Polyamory Weekly mention, and why couples should care about couple privilege


September 10, 2012 by aggiesez

Many thanks to my friend Cunning Minx for spending a chunk of this week’s Polyamory Weekly podcast telling her many listeners about this blog! I’m so honored! I’ve loved Minx’s work for years, and I think she’s one of the brightest leaders in the poly community.

This especially means a lot to me because like me, Minx is a poly person who does not have and (as far as I know) does not seem to be seeking a primary-style relationship (spouse-like or cohabitating). I also know she has faced many of the same issues I face.

Go listen to that episode. It’s great. Not just because she mentioned SoloPoly.net, but because of this bit of listener feedback she got, which I also found extremely touching, validating, and encouraging. It gets to the heart of why it’s important for couples to care about couple privilege…

The listener feedback segment starts about 29 minutes into the episode.

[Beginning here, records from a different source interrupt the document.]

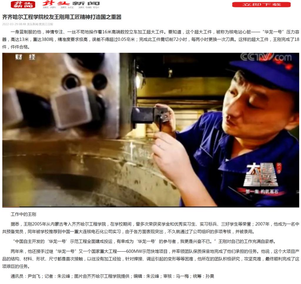 龙头新闻:永利23411集团官网校友王刚用工匠精神打造国之重器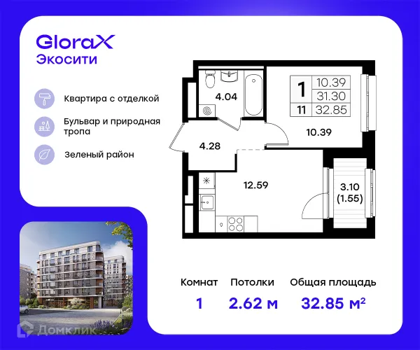1 комн. квартира в Казане в ипотеку от 54 943 руб/месяц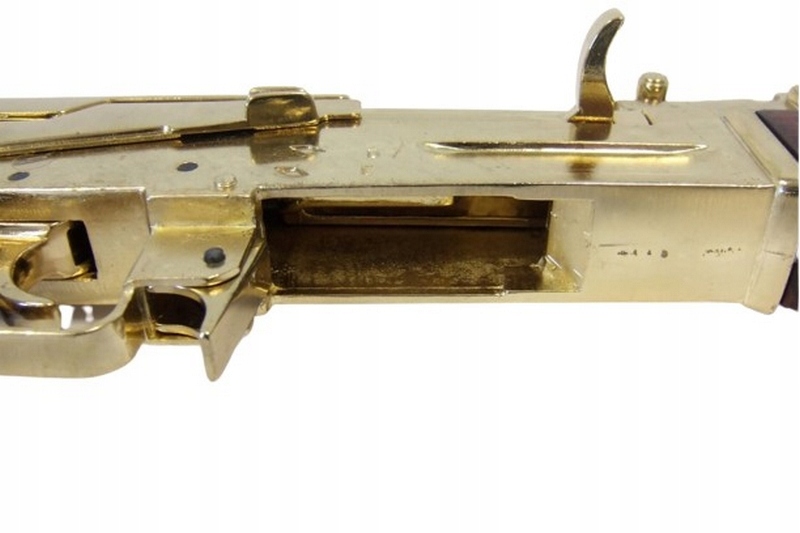 Деталі: знімна кришка газової камери, знімна дуга. магазин (заглушка), робоча затворна рама і затвор, що направляється нею, кулачок з відкидним плечем, позначеним у литому (не виконує своїх функцій), робочий спусковий гачок із засувкою магазина, рухливий важіль регулювання, розташований на права стінка ствольної коробки (три положення: нижнє - ведення одиночного вогню, середнє - безперервний вогонь і верхнє - кріплення зброї), металеві скоби для кріплення ременя. Все це зроблено з ZnAl золотого кольору. Приклад, руків'я і бочкотримач виготовлені з вітраженої та лакованої деревини. Можливість перезавантаження та повернення т.зв сухий удар.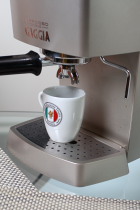 The Gaggia Espresso uses a 1100-watt boiler element that heats the machine up in a few minutes. Like most other machines, it performs best after it has been on for 5 or 10 minutes - with a couple of flushes of water through the brew group. Like every other Gaggia, the boilers have dual elements on the outside of the boiler - almost eliminating the risk of burnout. The Gaggia Espresso has a heavy-duty 58mm grouphead and solid brass portafilter handle. Commercial size!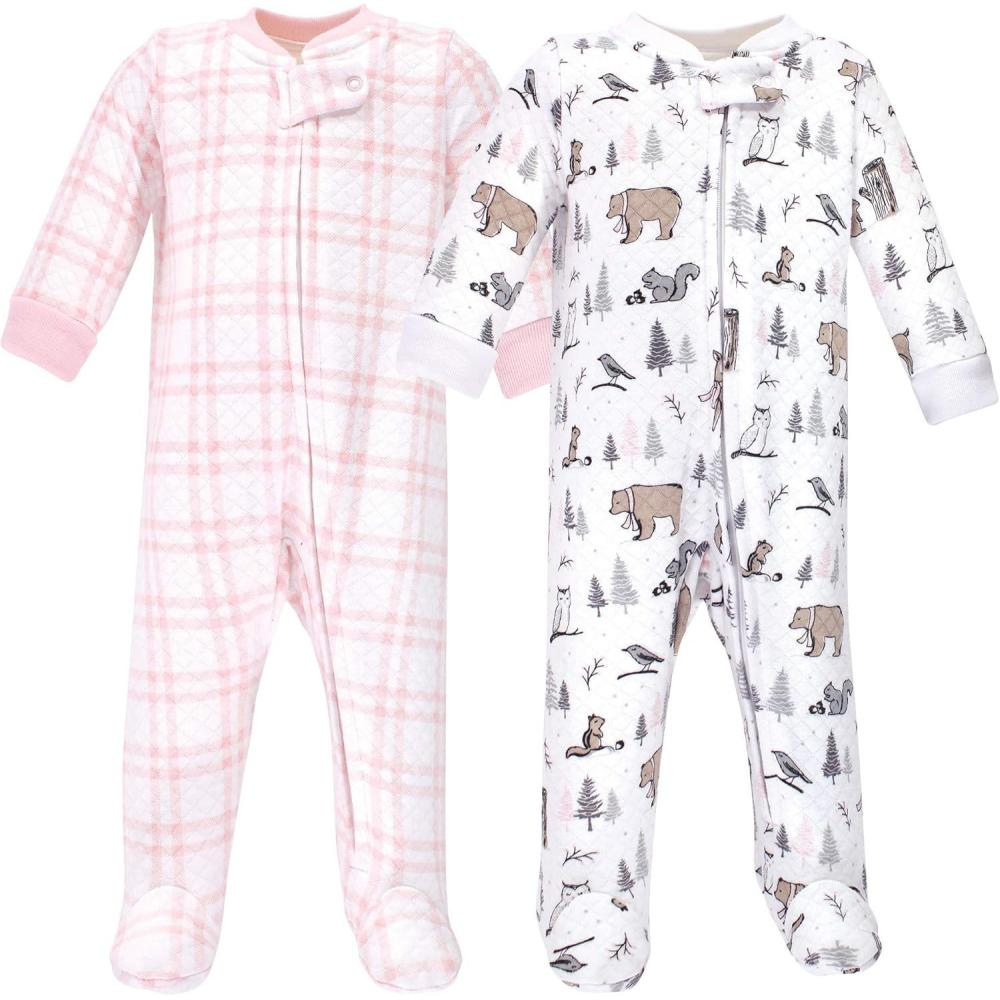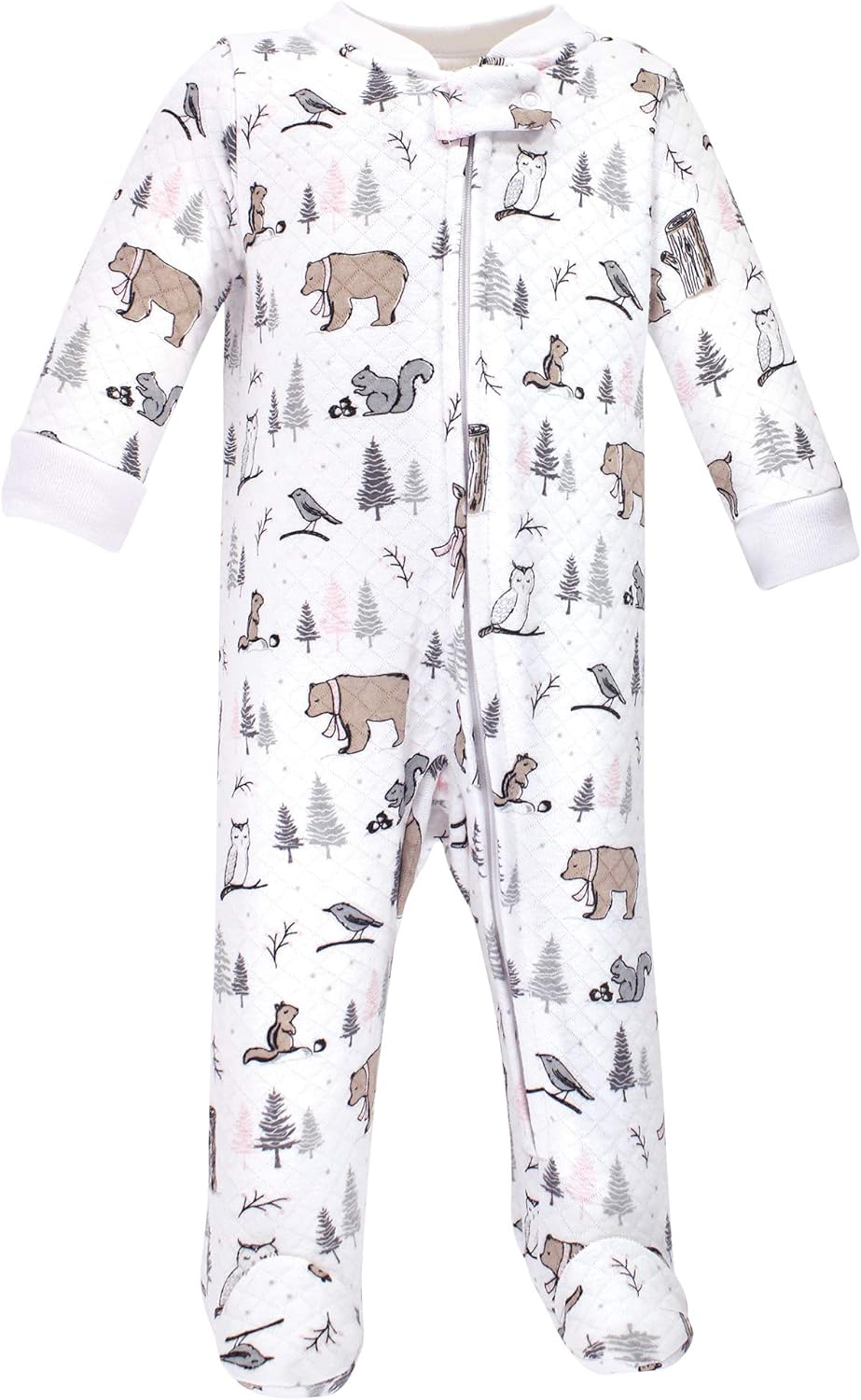 Hudson Baby Baby Girls’ Premium Quilted Zipper Sleep and Play(Winter Forest)

Back on August 4, Minx wrote a blog post, From two to three: advice on opening up from an HBB. That sparked my Sept. 5 post, Poly couples: What do you really have to offer new partners? (Minx also covered this topic in her Aug. 9 podcast.)

This week, Minx got a $50 tip and a heartfelt note from listener Joan, who is in a primary partnership couple. Here’s what Joan had to say to Minx:

I just put $50 in your tip jar to thank you for the “advice on how to welcome a third” podcast which explains your point of you. I just steered my vee relationship off the rails, and I couldn’t understand why it happened. This podcast illuminated that we pretty much went at everything the wrong way, and why it was the wrong way — and what it was that our third partner Michelle was trying to tell us and ask for all along but we didn’t get it.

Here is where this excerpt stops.